Task to complete: Shown below are entries with pictures; the line with "为进一步促进班级管理,护理学" through the line with "9インチモニター+バックカメラ+20mケーブル 3点セット 4pinタイプ" is the span to retype exactly, and the pictures stay out.

Records supplied:
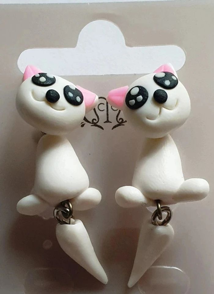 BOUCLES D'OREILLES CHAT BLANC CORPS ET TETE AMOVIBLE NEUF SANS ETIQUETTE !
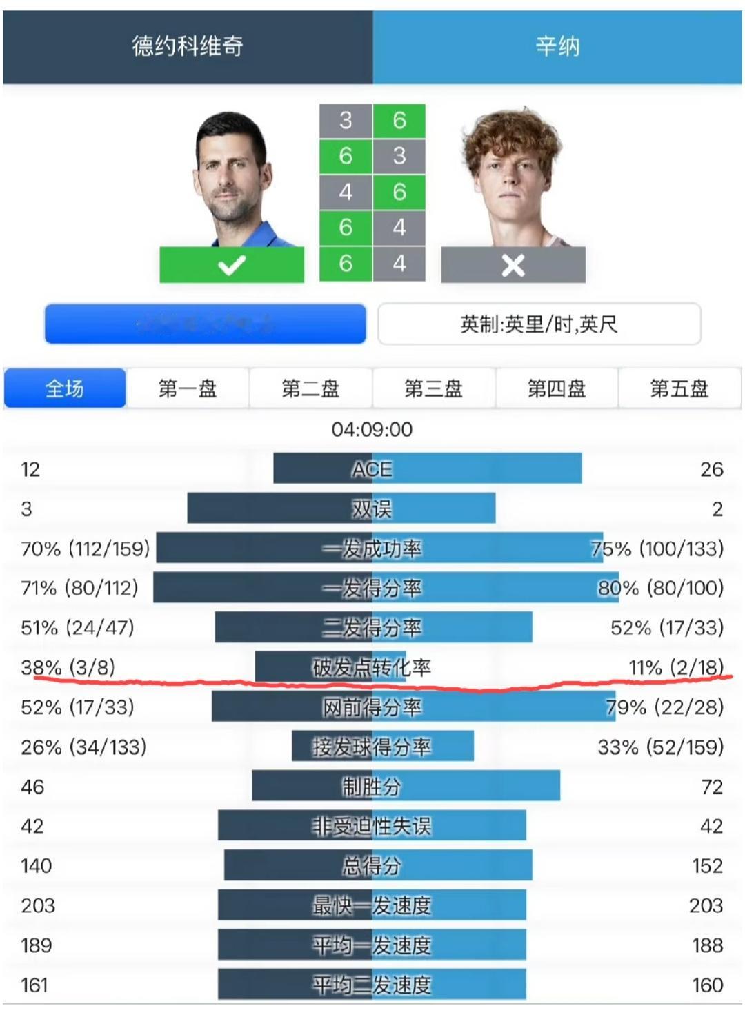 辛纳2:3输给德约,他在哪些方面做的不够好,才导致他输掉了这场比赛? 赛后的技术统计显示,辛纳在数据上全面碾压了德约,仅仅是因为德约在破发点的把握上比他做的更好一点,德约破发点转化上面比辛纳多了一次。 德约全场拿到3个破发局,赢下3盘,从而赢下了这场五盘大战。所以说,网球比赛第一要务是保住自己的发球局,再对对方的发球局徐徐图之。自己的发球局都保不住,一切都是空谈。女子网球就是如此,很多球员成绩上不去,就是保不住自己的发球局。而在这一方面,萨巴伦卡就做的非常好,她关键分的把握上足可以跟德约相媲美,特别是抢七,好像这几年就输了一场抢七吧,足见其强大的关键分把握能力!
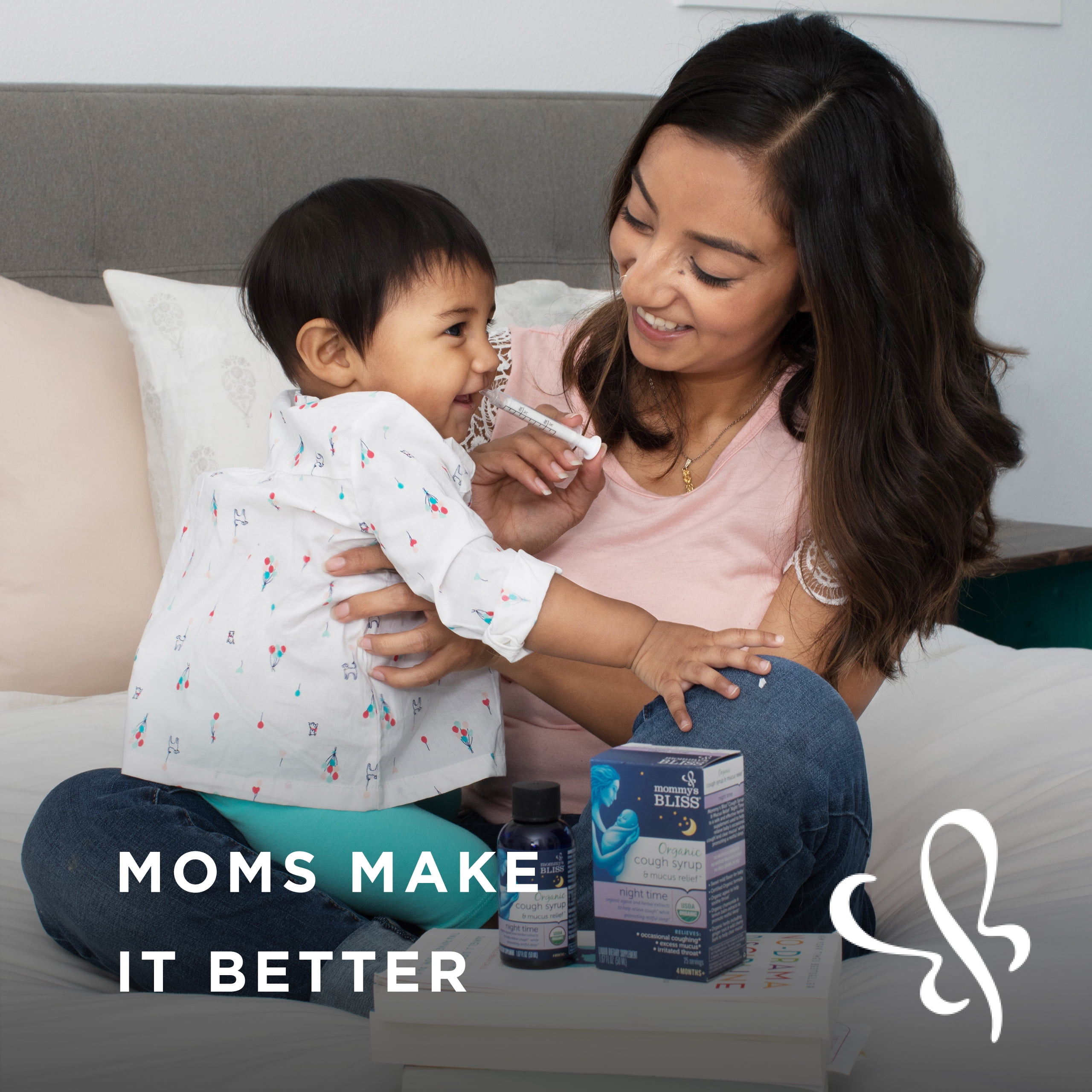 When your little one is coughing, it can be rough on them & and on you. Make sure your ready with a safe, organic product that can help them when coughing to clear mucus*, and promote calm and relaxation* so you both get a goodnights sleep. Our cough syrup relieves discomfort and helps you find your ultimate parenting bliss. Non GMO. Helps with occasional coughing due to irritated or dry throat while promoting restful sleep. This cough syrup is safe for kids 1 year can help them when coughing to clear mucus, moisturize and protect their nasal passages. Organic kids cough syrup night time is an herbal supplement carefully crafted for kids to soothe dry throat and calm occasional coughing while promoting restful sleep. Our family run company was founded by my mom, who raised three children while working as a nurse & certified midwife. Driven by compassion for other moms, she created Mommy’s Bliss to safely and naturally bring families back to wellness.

==

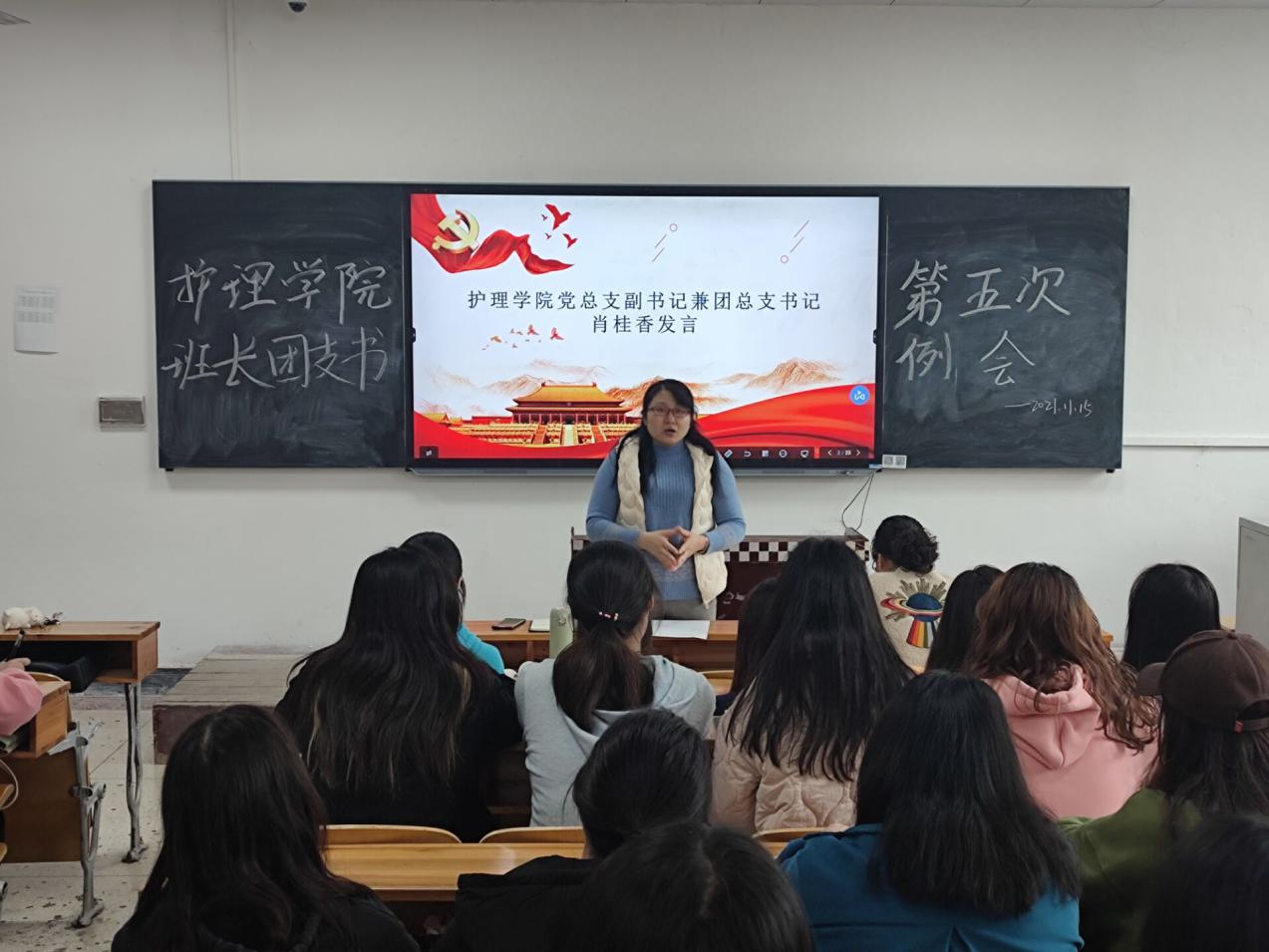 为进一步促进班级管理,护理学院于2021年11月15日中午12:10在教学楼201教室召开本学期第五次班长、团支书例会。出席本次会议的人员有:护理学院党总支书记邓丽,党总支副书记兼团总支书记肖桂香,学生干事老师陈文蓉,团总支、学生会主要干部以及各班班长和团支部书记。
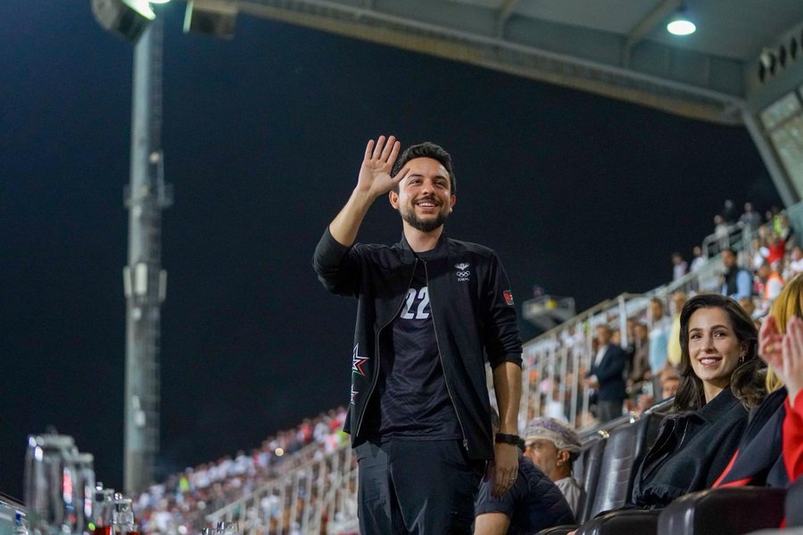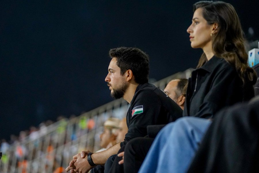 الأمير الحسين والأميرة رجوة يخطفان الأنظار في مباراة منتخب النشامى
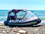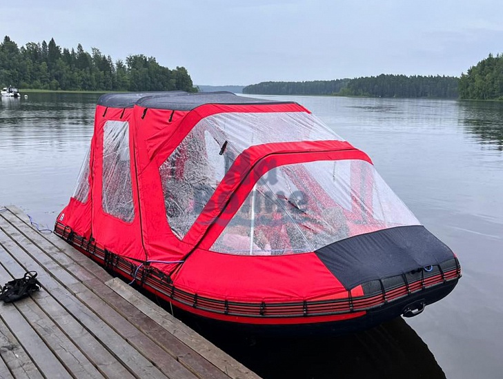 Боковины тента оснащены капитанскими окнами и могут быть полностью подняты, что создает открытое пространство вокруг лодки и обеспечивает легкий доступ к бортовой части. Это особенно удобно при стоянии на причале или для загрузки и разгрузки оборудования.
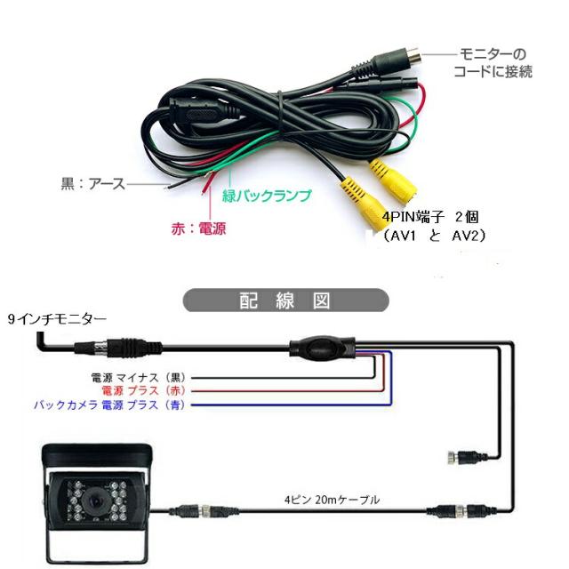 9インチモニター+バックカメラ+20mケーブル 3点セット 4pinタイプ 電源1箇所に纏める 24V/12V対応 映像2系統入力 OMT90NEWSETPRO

...

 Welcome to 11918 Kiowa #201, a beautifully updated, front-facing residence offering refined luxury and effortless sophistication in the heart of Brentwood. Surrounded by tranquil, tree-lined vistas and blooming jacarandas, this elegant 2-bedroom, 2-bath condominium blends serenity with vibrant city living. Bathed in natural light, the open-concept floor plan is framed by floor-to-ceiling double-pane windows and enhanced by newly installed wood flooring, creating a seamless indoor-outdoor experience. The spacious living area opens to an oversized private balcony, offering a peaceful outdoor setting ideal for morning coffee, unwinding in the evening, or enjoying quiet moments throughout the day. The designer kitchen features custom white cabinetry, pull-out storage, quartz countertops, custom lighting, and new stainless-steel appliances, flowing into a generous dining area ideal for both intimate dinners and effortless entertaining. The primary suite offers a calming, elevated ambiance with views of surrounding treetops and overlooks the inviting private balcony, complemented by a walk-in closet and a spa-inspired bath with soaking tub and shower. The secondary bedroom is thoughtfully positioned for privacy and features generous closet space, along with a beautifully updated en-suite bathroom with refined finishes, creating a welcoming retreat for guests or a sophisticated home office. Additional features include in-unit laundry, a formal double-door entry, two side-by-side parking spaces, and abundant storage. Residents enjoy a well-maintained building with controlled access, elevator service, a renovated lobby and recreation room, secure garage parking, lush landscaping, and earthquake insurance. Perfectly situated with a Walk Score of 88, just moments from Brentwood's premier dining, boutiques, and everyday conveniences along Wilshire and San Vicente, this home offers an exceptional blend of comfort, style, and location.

Expected answer:
 为进一步促进班级管理,护理学院于2021年11月15日中午12:10在教学楼201教室召开本学期第五次班长、团支书例会。出席本次会议的人员有:护理学院党总支书记邓丽,党总支副书记兼团总支书记肖桂香,学生干事老师陈文蓉,团总支、学生会主要干部以及各班班长和团支部书记。
 الأمير الحسين والأميرة رجوة يخطفان الأنظار في مباراة منتخب النشامى
 Боковины тента оснащены капитанскими окнами и могут быть полностью подняты, что создает открытое пространство вокруг лодки и обеспечивает легкий доступ к бортовой части. Это особенно удобно при стоянии на причале или для загрузки и разгрузки оборудования.
 9インチモニター+バックカメラ+20mケーブル 3点セット 4pinタイプ 電源1箇所に纏める 24V/12V対応 映像2系統入力 OMT90NEWSETPRO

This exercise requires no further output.